In [None]:
import sys
import os
from pathlib import Path
import json 
from math_utils import *
import pandas as pd
import numpy as np
from collections import Counter
import matplotlib.pyplot as plt 

from parser import *  
from grader import *
from tqdm import tqdm

sys.path.append('../')  

from utils import * 

  from .autonotebook import tqdm as notebook_tqdm


In [None]:
from collections import Counter

test_path = f"../data/math500/test.jsonl"
with open(test_path, 'r', encoding='utf-8') as f:
    test = [json.loads(line) for line in f]

for _type in ["zero", "few"]:
    for model in ['gpt-4o-mini', 'gpt-4o']:
        file_path = f"../result/math500/{model}/math500_{_type}.jsonl"
        if not os.path.exists(file_path):
            print(f"File not found: {file_path}")
            continue

        with open(file_path, 'r', encoding='utf-8') as f:
            data = [json.loads(line) for line in f]

        scores = [[] for _ in range(5)]

        any_correct = []

        all_correct_count = 0

        for entry in data:
            idx = entry["idx"]

            preds = [extract_answer(mo, "math") for mo in entry['model_outputs']]

            _, gt = parse_ground_truth(test[idx], "math")  

            sample_results = []  

            for i, pred in enumerate(preds):
                result = math_equal_process((None, pred, gt))
                if not result: 
                    result = process_results(gt, [entry['model_outputs'][i]])
                    if not result:
                        pred = extract_answer(pred, "math")
                        result = math_equal_process((None, pred, gt))
                sample_results.append(result)
                scores[i].append(result)


            any_correct.append(any(sample_results))
            if all(sample_results):
                all_correct_count += 1

        num_questions = len(data)

        worse_case_acc = all_correct_count / num_questions if num_questions > 0 else 0.0

        rep_accuracies = []
        for i in range(5):
            rep_acc = sum(scores[i]) / num_questions if num_questions > 0 else 0.0
            rep_accuracies.append(rep_acc)

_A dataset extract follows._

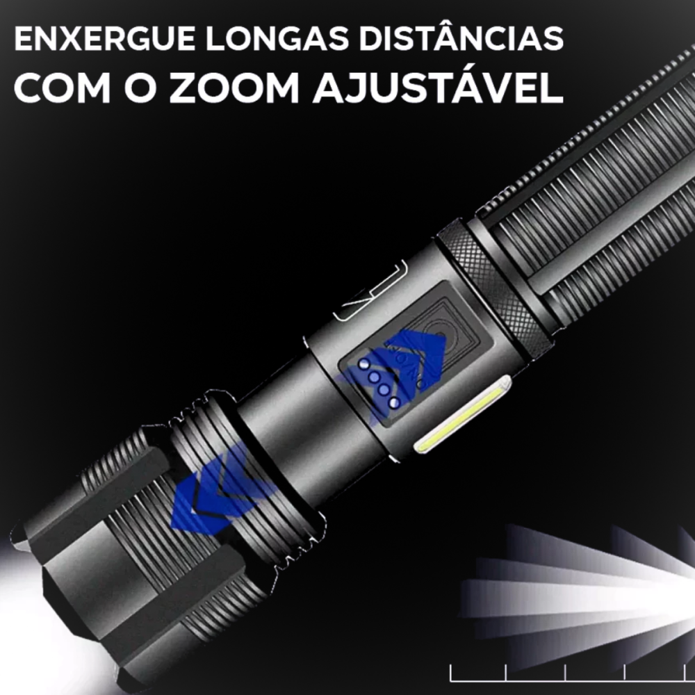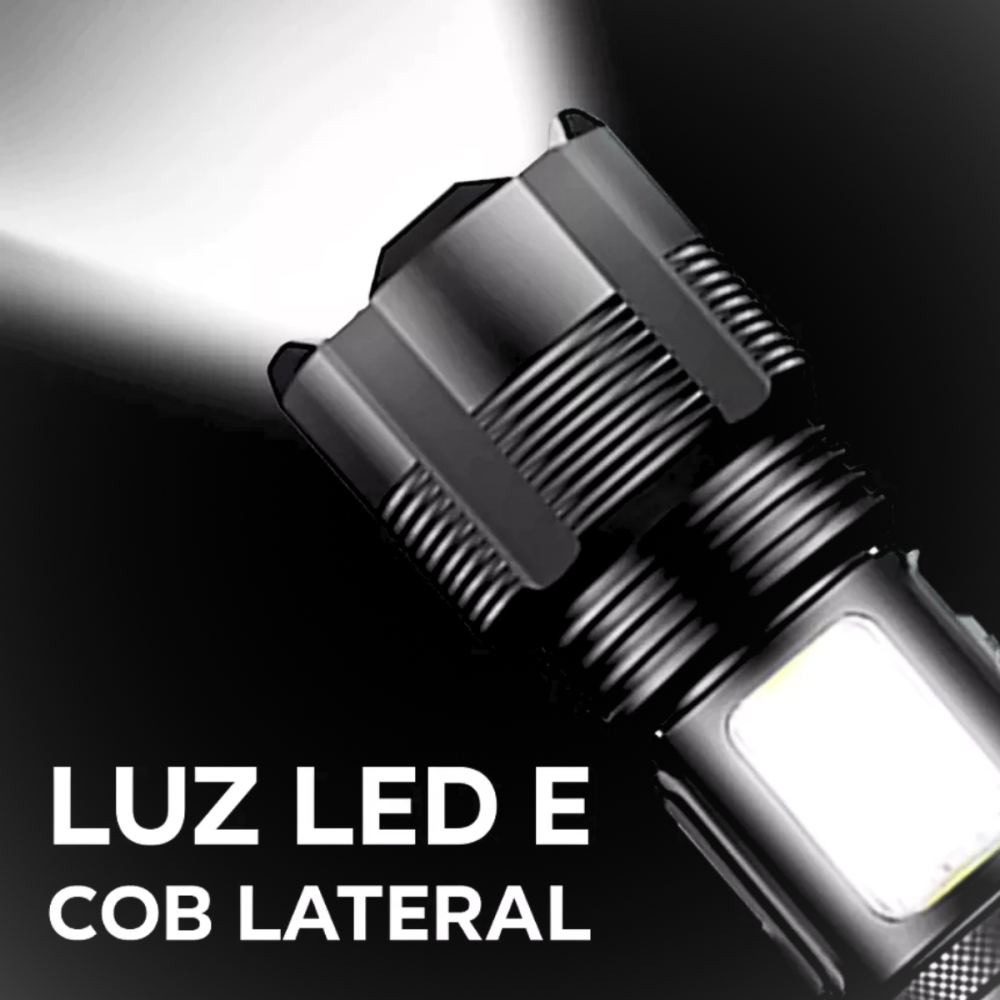 Lanterna Tática Portátil Bateria Recarregável Luz LED Lateral COB
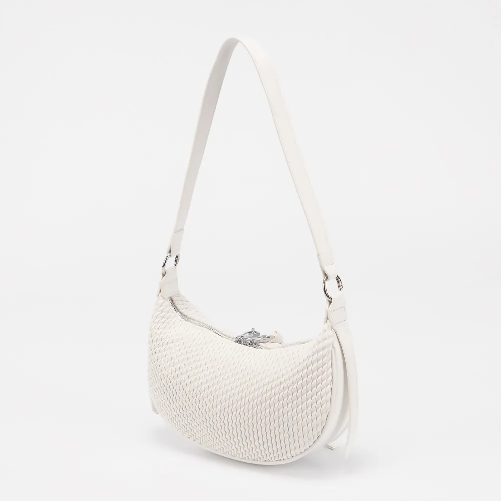 Сумка от торговой марки Valigetti выполнена из искусственной кожи белого цвета с тиснением. Модель с коротким регулируемым плечевым ремнем. Декорирована подвеской. Отделение на молнии. Внутри: текстильная подкладка, карман на молнии.

        avg_rep_acc = sum(rep_accuracies) / 5.0


        any_correct_acc = sum(any_correct) / num_questions if num_questions > 0 else 0.0

        print(f"Results for {_type} using model {model}:")
        print(f"  Worse-case (all correct in a single question): {worse_case_acc:.3f}")

        for i, acc_val in enumerate(rep_accuracies):
            print(f"  Repetition {i}: {acc_val:.3f}")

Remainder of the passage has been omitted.